Around here the beetles show up with alarming predictability on June 1. I don’t know if they coordinate their emergence from under my lawn for that date or if I’m just particularly alert then, but that’s when I suddenly see LOTS of Japanese Beetles.
So if traps are out of the question, what’s a gardener to do?
Well, of course, there’s always the nuclear approach of spraying chemicals. But what if you’re like me and are worried about the birds, bees and other critters that could suffer collateral damage?
The experts (who, by the way, seem to have quite a lot of time on their hands) suggest a strategy of “hand picking.” That means you go out there every day, pick the beetles off the bushes and drop them into a bucket of soapy water, thereby committing beetle genocide with your own bare hands.
I have to admit that as satisfying as this sounds, in the past this strategy has not worked for me. What is one person with just two hands against THOUSANDS of beetles? Not to mention the fact that I’m totally creeped out by touching bugs. But in reading more about hand picking in preparation for the impending invasion, I see there is a method to the madness.
The idea is that if you can get out there early enough and frequently enough, you can minimize the damage. See, beetles and beetle damage beget more beetles and beetle damage. Once the beasties get a start on the bushes, other beetles come to join the feast. If you can stop them in the first place—or at least minimize them—then fewer beetles will be motivated to join them.

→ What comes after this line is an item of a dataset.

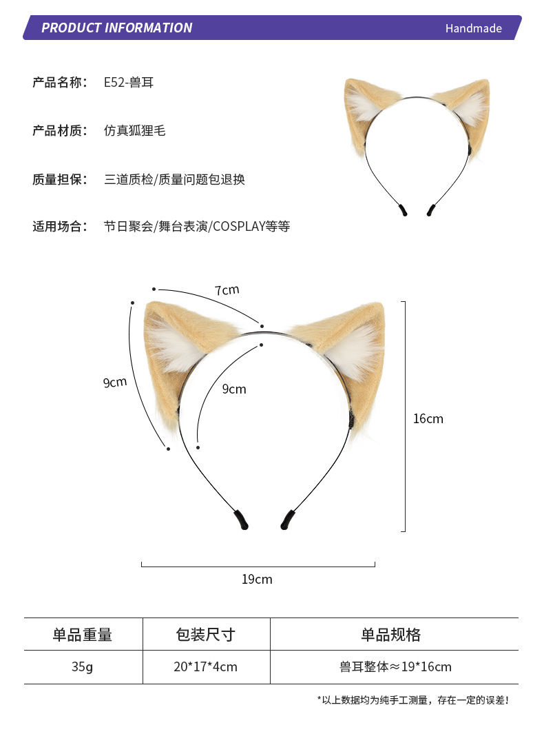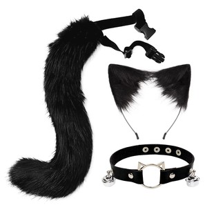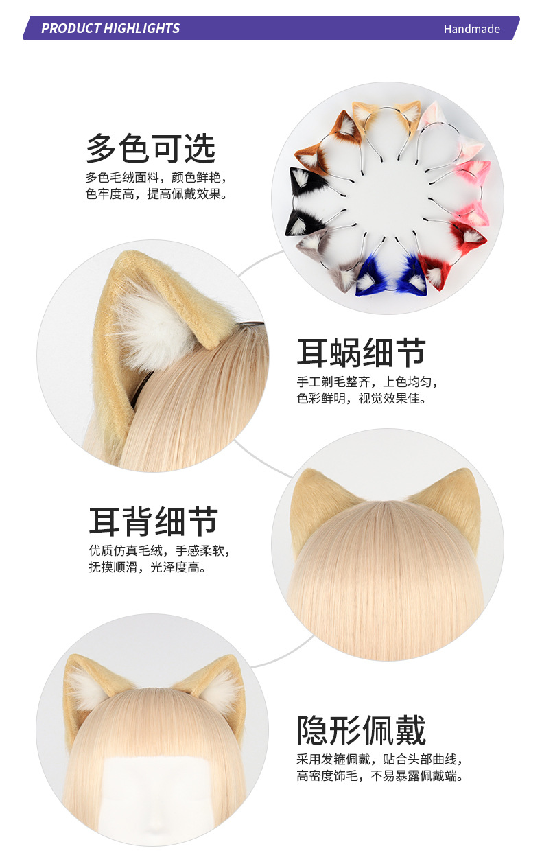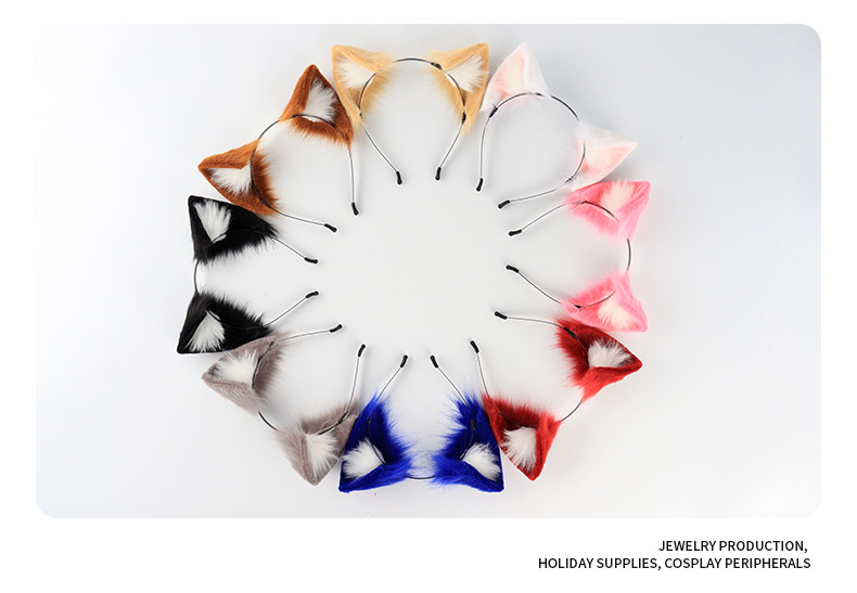 手作仿真猫耳发箍狐狸尾巴配饰二次元兽耳兽尾套装项圈发夹批发

Of course, that still supposes that you have time on your hands to go out every single cotton pickin’ day to pick bugs.
Nevertheless, I figure I’ll give it a try. I can always fall back on the organic insecticidal soaps and other home remedies I’ve been reading about. In the meantime, I will continue to squelch the urge to lecture strangers about the beetle bags. But I will still hold forth among my pals on the subject, cause "Friends don’t let friends use beetle bags."